Ernst Schelle (1864–1945) was a German botanist who specialized in cacti. He was employed as Inspector of the botanical gardens in Tübingen. The grass species Helictotrichon schellianum  (Hack.) Kitag. is named for him.

Publications
 Handbuch der Laubholz-Benenung, 1903 (with Ludwig Beissner, Hermann Zabel) – Handbook of deciduous tree designation.
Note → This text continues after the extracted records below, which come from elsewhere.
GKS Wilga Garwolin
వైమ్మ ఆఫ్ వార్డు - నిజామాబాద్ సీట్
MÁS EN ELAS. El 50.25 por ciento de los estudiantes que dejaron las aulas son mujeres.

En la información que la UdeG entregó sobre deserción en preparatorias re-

 Handbuch der kakteenkultur: Kurze beschreibung der meisten gegenwärtig im handel befindlichen kakteen, nebst angabe zu deren pflege. Für gärtner und kakteenliebhaber zusammengestellt, 1907 – Handbook of cacti culture, etc. 
 Die winterharten Nadelhölzer Mitteleuropas, 1909  – Hardy conifers of mid-Europe.
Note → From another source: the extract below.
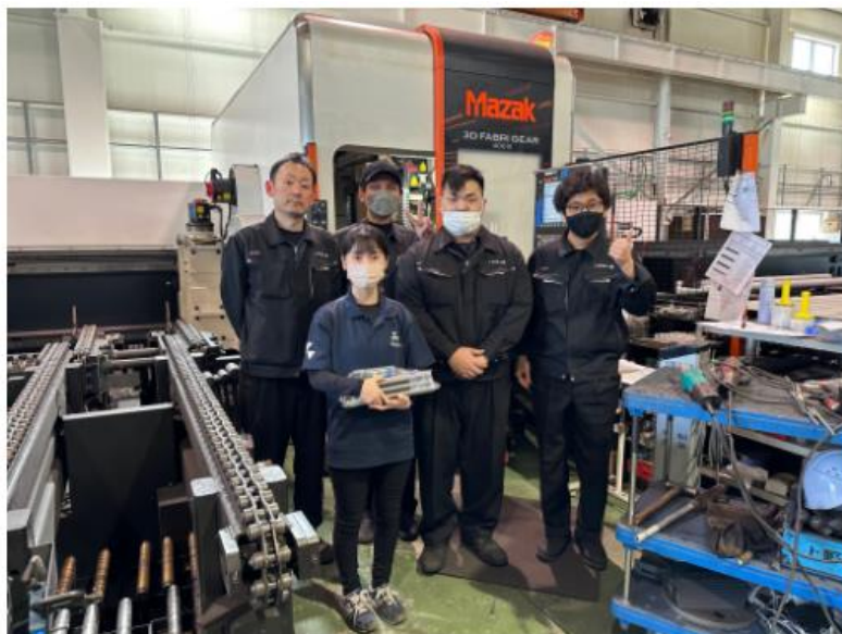
図 3. 上野鉄工株式会社の方々との写真

レーザーカット加工をしていただくパイプを上野鉄工株式会社様に持ち込んだ際には、工場の見学もさせていただきました。

 Der Blumengarten. Anleitung zur Anlage, Bepflanzung und Pflege eines einfachen Ziergartens, 1912 – The flower garden. Instructions for installation, planting and maintenance of a simple decorative garden.
 Wörterbuch der botanischen Kunstsprache für Gärtner, Gartenfreunde und Gartenbauzöglinge, 1912 (with Karl Salomon) – Dictionary of botanical technical language for gardeners, garden lovers and horticulture students.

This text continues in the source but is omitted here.